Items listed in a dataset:
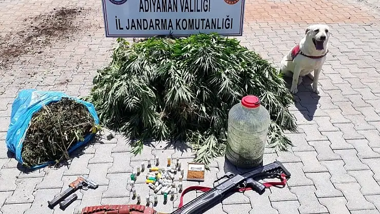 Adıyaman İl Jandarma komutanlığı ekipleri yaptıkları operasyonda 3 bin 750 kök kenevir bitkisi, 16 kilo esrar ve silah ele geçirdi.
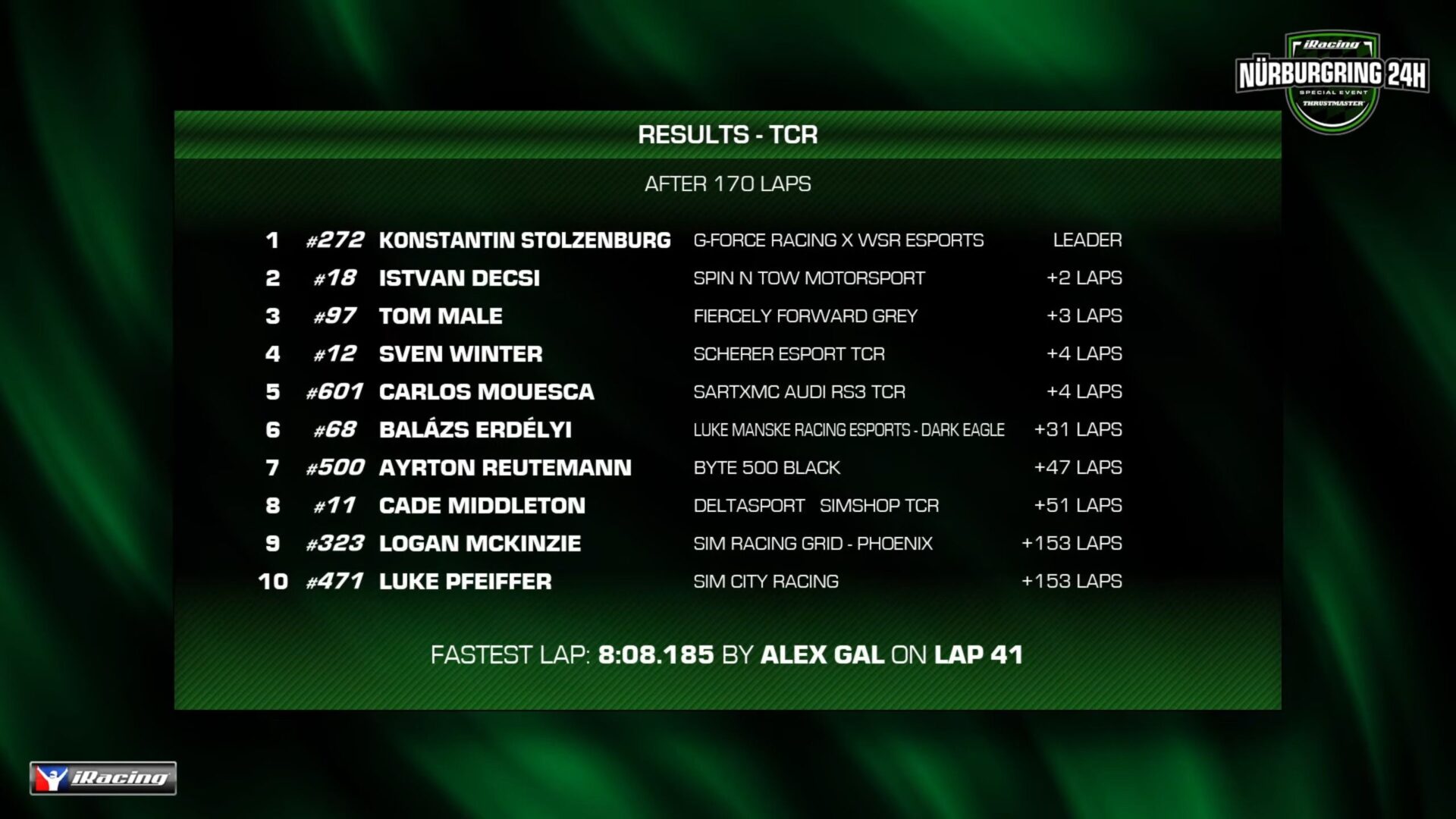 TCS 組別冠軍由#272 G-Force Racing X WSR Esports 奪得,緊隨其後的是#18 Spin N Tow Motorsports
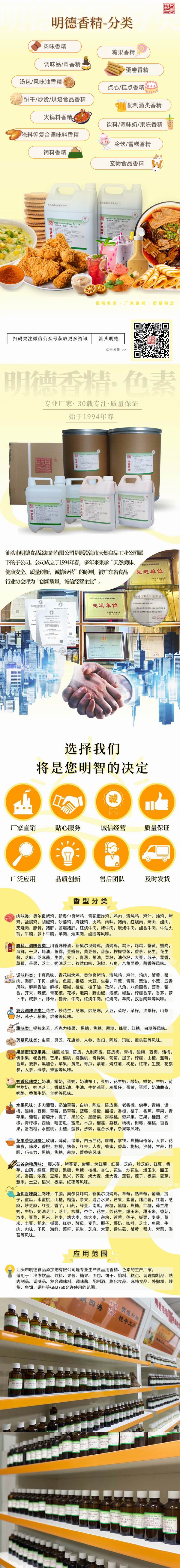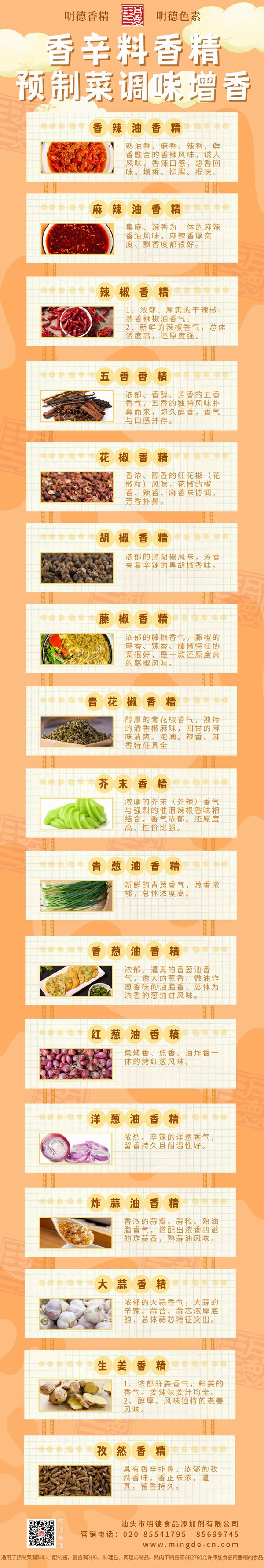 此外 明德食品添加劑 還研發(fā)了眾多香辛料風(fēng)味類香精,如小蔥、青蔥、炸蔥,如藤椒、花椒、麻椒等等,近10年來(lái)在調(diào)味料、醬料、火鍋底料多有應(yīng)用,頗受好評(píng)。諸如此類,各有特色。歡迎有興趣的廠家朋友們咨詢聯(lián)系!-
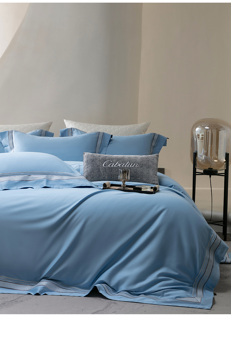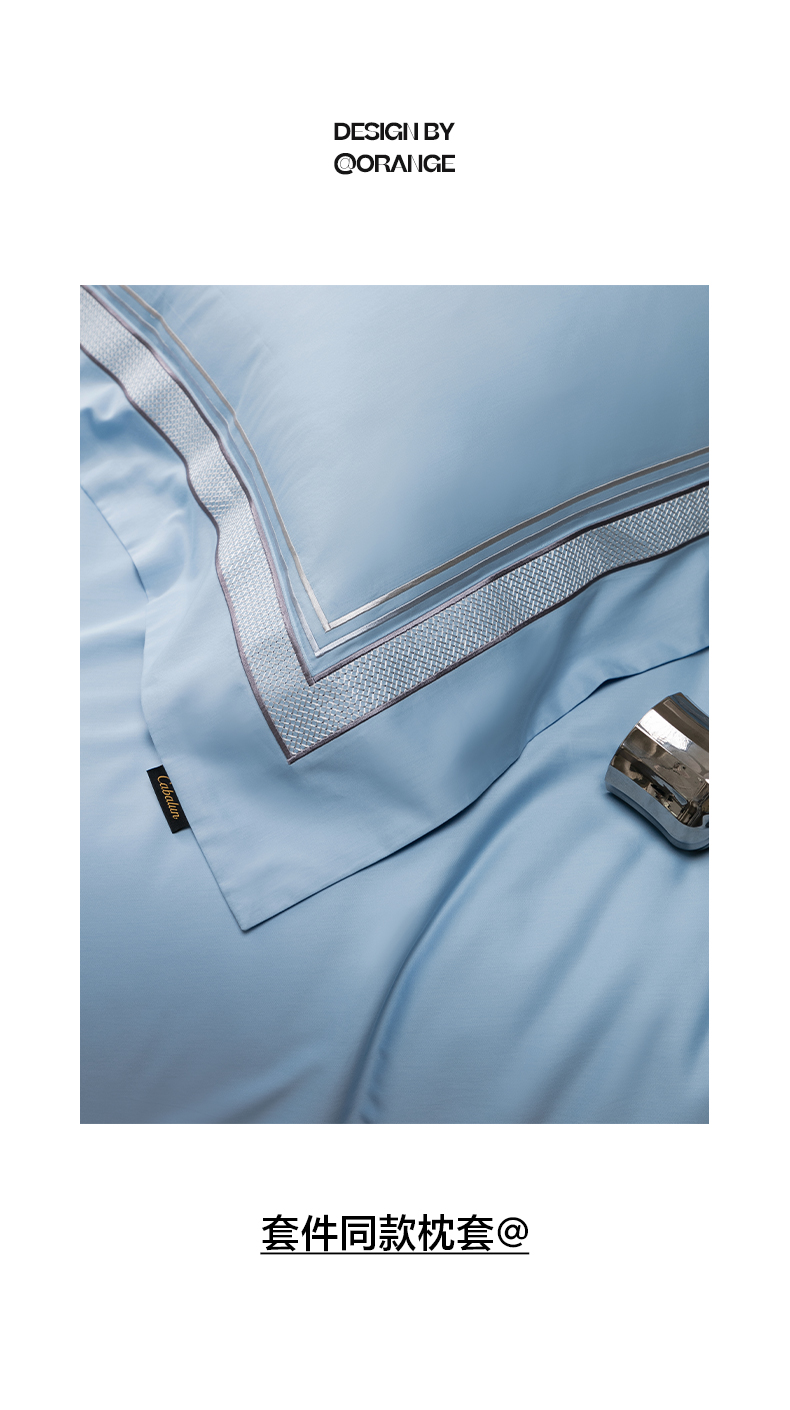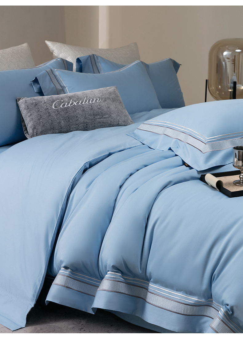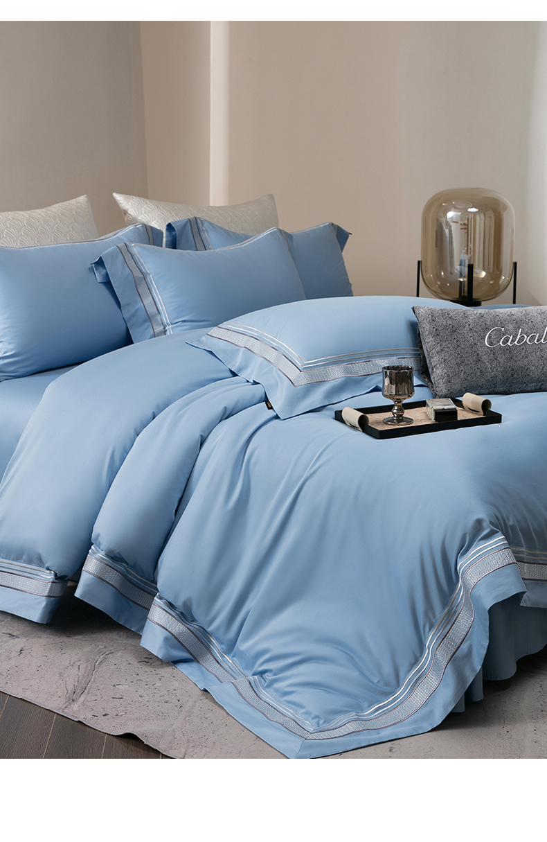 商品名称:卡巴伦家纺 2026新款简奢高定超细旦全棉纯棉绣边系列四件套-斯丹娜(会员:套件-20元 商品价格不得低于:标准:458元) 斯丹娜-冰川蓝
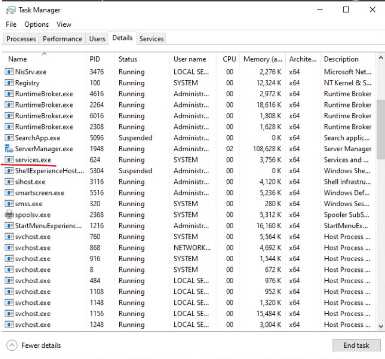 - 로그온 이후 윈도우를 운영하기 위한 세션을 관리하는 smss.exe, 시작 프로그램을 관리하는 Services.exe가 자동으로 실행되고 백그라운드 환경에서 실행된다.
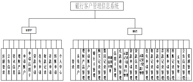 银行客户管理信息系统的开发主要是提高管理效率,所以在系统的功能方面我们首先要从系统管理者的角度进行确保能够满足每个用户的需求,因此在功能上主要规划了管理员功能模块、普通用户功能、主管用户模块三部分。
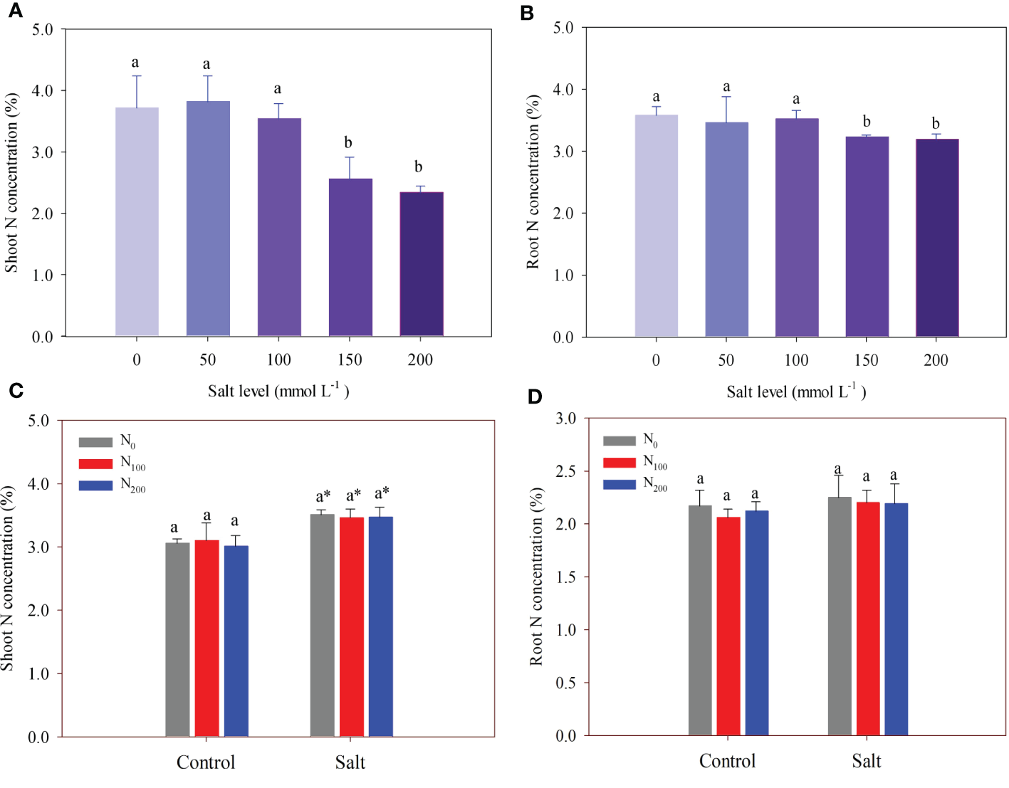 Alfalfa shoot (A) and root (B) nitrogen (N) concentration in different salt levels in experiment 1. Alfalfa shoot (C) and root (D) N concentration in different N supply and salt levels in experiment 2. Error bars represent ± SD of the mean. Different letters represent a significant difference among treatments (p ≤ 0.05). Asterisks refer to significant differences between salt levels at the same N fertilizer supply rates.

- Your instructions:
Return only the line with "TCS 組別冠軍由#272 G-Force" and the lines after it up to the end of the records, exact and free of pictures.

- Task result:
 TCS 組別冠軍由#272 G-Force Racing X WSR Esports 奪得,緊隨其後的是#18 Spin N Tow Motorsports
 此外 明德食品添加劑 還研發(fā)了眾多香辛料風(fēng)味類香精,如小蔥、青蔥、炸蔥,如藤椒、花椒、麻椒等等,近10年來(lái)在調(diào)味料、醬料、火鍋底料多有應(yīng)用,頗受好評(píng)。諸如此類,各有特色。歡迎有興趣的廠家朋友們咨詢聯(lián)系!-
 商品名称:卡巴伦家纺 2026新款简奢高定超细旦全棉纯棉绣边系列四件套-斯丹娜(会员:套件-20元 商品价格不得低于:标准:458元) 斯丹娜-冰川蓝
 - 로그온 이후 윈도우를 운영하기 위한 세션을 관리하는 smss.exe, 시작 프로그램을 관리하는 Services.exe가 자동으로 실행되고 백그라운드 환경에서 실행된다.
 银行客户管理信息系统的开发主要是提高管理效率,所以在系统的功能方面我们首先要从系统管理者的角度进行确保能够满足每个用户的需求,因此在功能上主要规划了管理员功能模块、普通用户功能、主管用户模块三部分。
 Alfalfa shoot (A) and root (B) nitrogen (N) concentration in different salt levels in experiment 1. Alfalfa shoot (C) and root (D) N concentration in different N supply and salt levels in experiment 2. Error bars represent ± SD of the mean. Different letters represent a significant difference among treatments (p ≤ 0.05). Asterisks refer to significant differences between salt levels at the same N fertilizer supply rates.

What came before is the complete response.